Dix ans après l’une des pires crises financières de l’histoire, les subprimes font à nouveau parler d’eux. Mais cette fois, c’est le financement à crédit des automobiles qui menace…

Tous les ingrédients sont réunis pour une nouvelle débâcle, selon Bloomberg. L’achat d’une automobile à crédit est devenu la norme. Et l’utilisation des subprimes, ces papiers commerciaux adossés à des actifs non bancaires, est elle aussi monnaie courante.

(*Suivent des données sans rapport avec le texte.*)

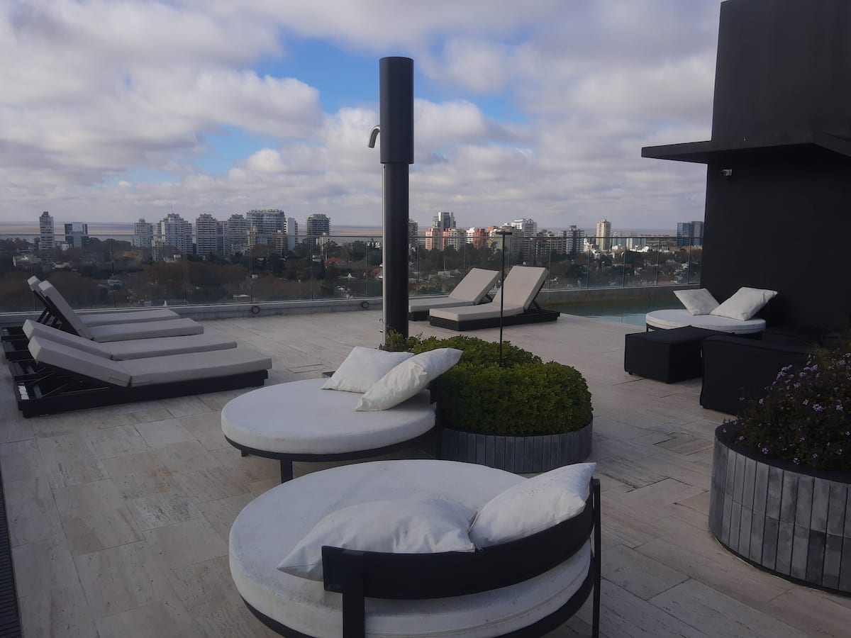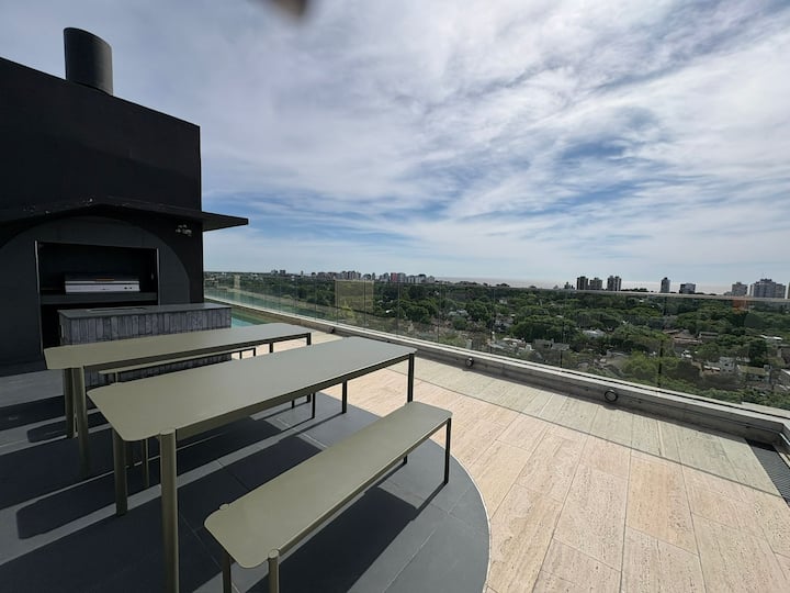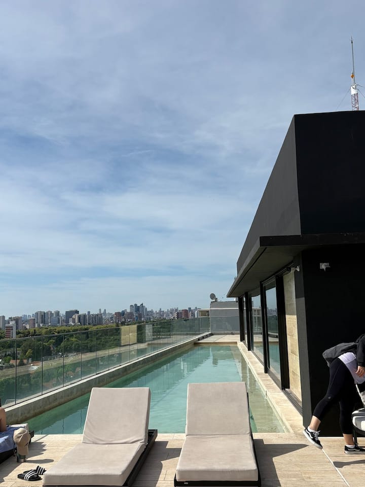 Departamento en Vicente López descrito como a estrenar. Se indica que tiene pileta climatizada y espacio exterior, con vistas. La publicación menciona cercanía al aeropuerto Jorge Newbery y al acceso a la autopista Gral. Paz, y proximidad al río y la costanera.

Depuis 2009, le montant des subprimes liés aux prêts automobiles et cédés aux investisseurs aux États-Unis a été multiplié par dix, passant de 2,5 à 26 milliards de dollars américains. Parallèlement, le taux de défaut de paiement des crédits (90 jours ou plus) est passé de 3,10 % à 3,82% au cours des trois dernières années.

CRÉDIT TROP FACILE

Pour illustrer le problème, Bloomberg cite l’exemple du partenariat entre le groupe automobile Fiat Chrysler et la banque Santander. Celle-ci n’aurait vérifié les revenus que de 10 % de ceux qui ont contracté des prêts automobiles, dont la majeure partie a servi à financer l’achat de véhicules de marque Chrysler.

Ces prêts ont ensuite été inclus dans un papier commercial d’un milliard de dollars, lui-même cédé sur les marchés, selon la firme Moody’s, citée par Bloomberg.

Sans compter que plusieurs concessionnaires automobiles fermeraient les yeux sur les faibles revenus des acheteurs-emprunteurs en vue d’écouler davantage de véhicules neufs.

Ces papiers commerciaux offrent de bons rendements, de l’ordre de 5 %, précise Bloomberg. Mais jusqu’à quand les investisseurs fermeront-ils à leur tour les yeux sur les risques adossés à ces subprimes?

VENDEURS PEU SCRUPULEUX

Santander a récemment accepté une entente de 26 millions de dollars avec les États du Massachusetts et du Delaware, après que ses pratiques dans le domaine du crédit automobile eurent été remises en question.

La banque n’a ni confirmé ni nié avoir mal agi, bien que le procureur général lui reproche de permettre à des vendeurs peu scrupuleux de vendre des véhicules à des acheteurs incapables de rembourser leur prêt. Pire, un rapport interne de Santander émis en 2013 révèle que 10 des 11 demandes de prêts automobiles d’un concessionnaire du Massachusetts analysées présentent des sources de revenus gonflées ou invérifiables, selon les autorités américaines.

Bloomberg note que les mêmes ingrédients sont réunis qu’en 2007 : des prêts trop faciles, des défaillances précoces et des fraudes. Toutefois, le marché du crédit automobile n’est pas aussi vaste que celui du prêt immobilier. La probabilité d’une crise majeure serait donc bien moindre.